= James Adey Ogle =

English physician (1792-1857)

James Adey Ogle (1792–1857) was an English medical doctor.

==Life==
He was born on 22 October 1792 in Great Russell Street, London, where his father Richard Ogle had a good practice as a general practitioner. In 1808 he was sent to Eton College, under Joseph Goodall, staying two years. In Lent term 1810 he entered as a commoner of Trinity College, Oxford, obtaining a scholarship in the following year. In Easter term 1813 he obtained a first class in mathematics.

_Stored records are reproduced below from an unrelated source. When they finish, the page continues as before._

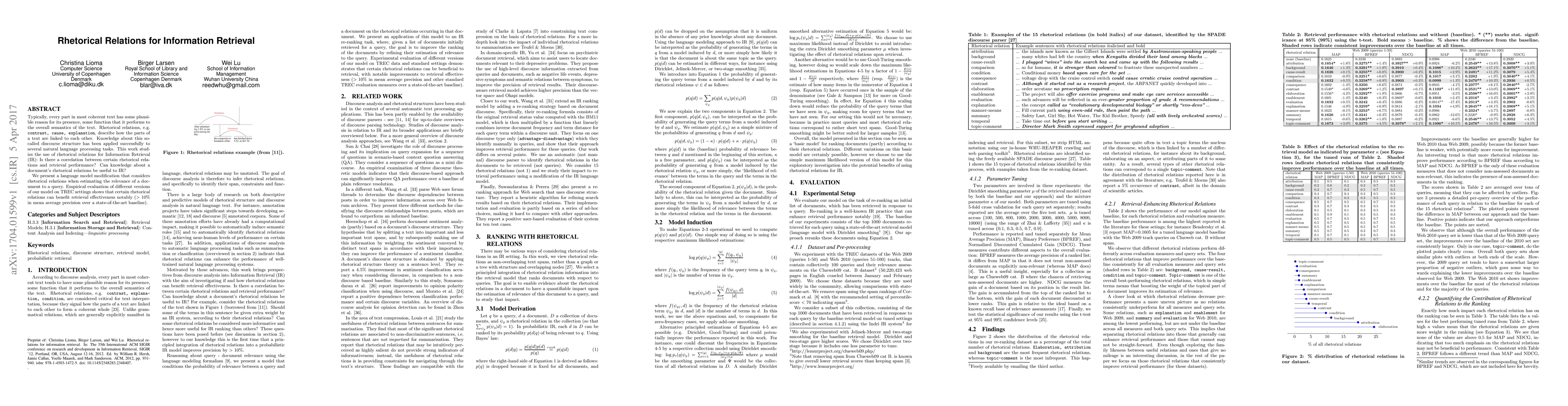 This paper investigates the impact of rhetorical relations on Information Retrieval (IR) performance, proposing a modified language model that incorporates rhetorical relations to estimate document relevance. Empirical results show a significant improvement (> 10% in mean average precision) over a baseline model, demonstrating the utility of rhetorical relations in IR.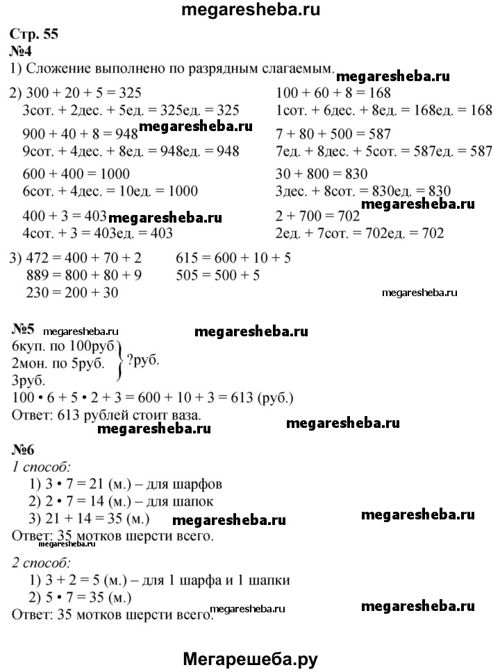 ГДЗ по математике 3 класс Дорофеев часть 2. страница - 55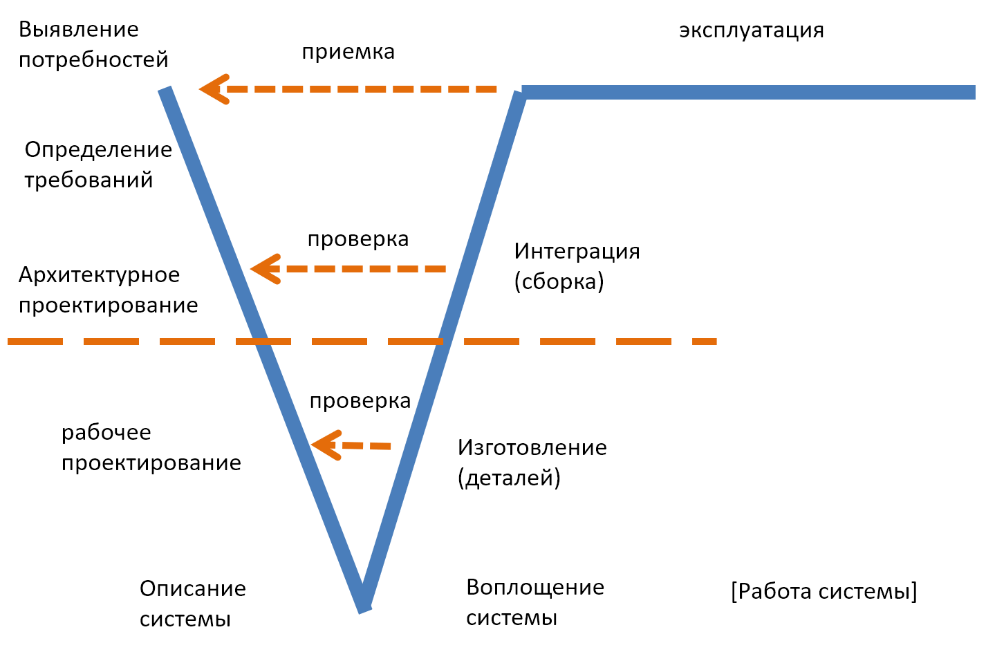Название этой диаграммы происходит от формы латинской буквы V, а форма выражает «логическую»/функциональную линию времени, перегнутую пополам в точке, где укрупнённая стадия описания будущей системы (работа с битами, system definition) переходит в укрупнённую стадию воплощения системы (работа с атомами, system realization). Это такой упрощённый водопад ещё первого понимания жизненного цикла как работ, поделённых на стадии. На этом первые V-диаграммы обычно и заканчивались, но потом иногда начали изображать и стадию эксплуатации**/использования** (работы/функционирования системы, system operation) как длинный горизонтальный отрезок. На нашем рисунке это «иногда» показано квадратными скобочками вокруг [работы системы]. Внешний вид диаграммы больше стал напоминать квадратный корень, но название «V-диаграмма» осталось. Традиционную для системной инженерии с её «от рождения до смерти» стадию вывода из эксплуатации («смерти») на V-диаграммах изображать так и не начали.

Ogle became a medical student at the Windmill Street school. From 1814 he visited medical schools in France, Italy, and Germany. He also spent some winter sessions in Edinburgh, studying under Professors Gregory, Duncan, Hamilton, Gordon, Home, and Jamieson. Returning to London, he was a student at the Middlesex Hospital, and then at St. Bartholomew's Hospital, and proceeded to the degrees of M.A. and M.B. at Oxford in 1816 and 1817 respectively. Settling in Oxford, he graduated M.D. in 1820, and was appointed mathematical tutor of his college, Trinity, the same year. One of his pupils was John Henry Newman, who became a friend.

Ogle was elected F.R.C.P. in 1822, physician to the Radcliffe Infirmary and to the Warneford Lunatic Asylum at Oxford in 1824, Aldrich professor of medicine in the university in 1824, public examiner in 1825, Fellow of the Royal Society in 1826, and clinical professor of medicine in 1830. In 1836 he was associated with John Kidd and Charles Daubeny in a revision of the university statutes regulating medical degrees, and set up a public examination for the degree of M.B.

Ogle delivered the Harveian oration in 1844, and was appointed regius professor of medicine at Oxford by Lord John Russell in 1851, in succession to Kidd. He was president of the Provincial Medical Association at its meeting at Oxford in 1852, and was examiner in the new school of natural science in 1854-5. He died of apoplexy, after an illness of thirty hours, at the vicarage, Old Shoreham, the residence of his son-in-law James Bowling Mozley, on 25 September 1857; he was buried in St Sepulchre's Cemetery in Oxford.

==Works==
In 1841 appeared Ogle's only publication, A Letter to the Reverend the Warden of Wadham College, on the System of Education pursued at Oxford; with Suggestions for remodelling the Examination Statute. This pamphlet made the first suggestion of a natural science school at Oxford, established by a statute brought forward in 1851. He anticipated also a change, by his proposal for an admission examination.

==Family==
In 1810 Ogle married Sarah, younger daughter of Jeston Homfray, esq., of Broadwaters, near Kidderminster. She died in 1835, leaving four sons and five daughters.

Three of the four sons were clerics:

- James Ambrose Ogle (1824/1825–?).
- Richard Jeston Ogle (c.1826 –?).
- The third son, Dr. William Ogle (1827/1828–?), became superintendent of statistics in the registrar-general's office.
- Octavius Ogle (1828/1829–?).

Of the daughters (including one pair of twins):

- Janet (1821–1890) never married
- Amelia (1822–1872) married in 1856 James Bowling Mozley.
- Caroline (1822–1881) married in 1850 Manuel John Johnson.
- Mary (1823/4–?) married the Rev. Charles Walter Payne Crawfurd, and was mother of Raymond Crawfurd.
- Isabella Henrietta (1832–), the youngest, married in 1855 the Rev. Charles Terry, who was heir to the Pettiward Estate.

After the death of Amelia, Caroline (by then herself a widow) lived with Mozley and assisted in his parish work at Shoreham, until his death.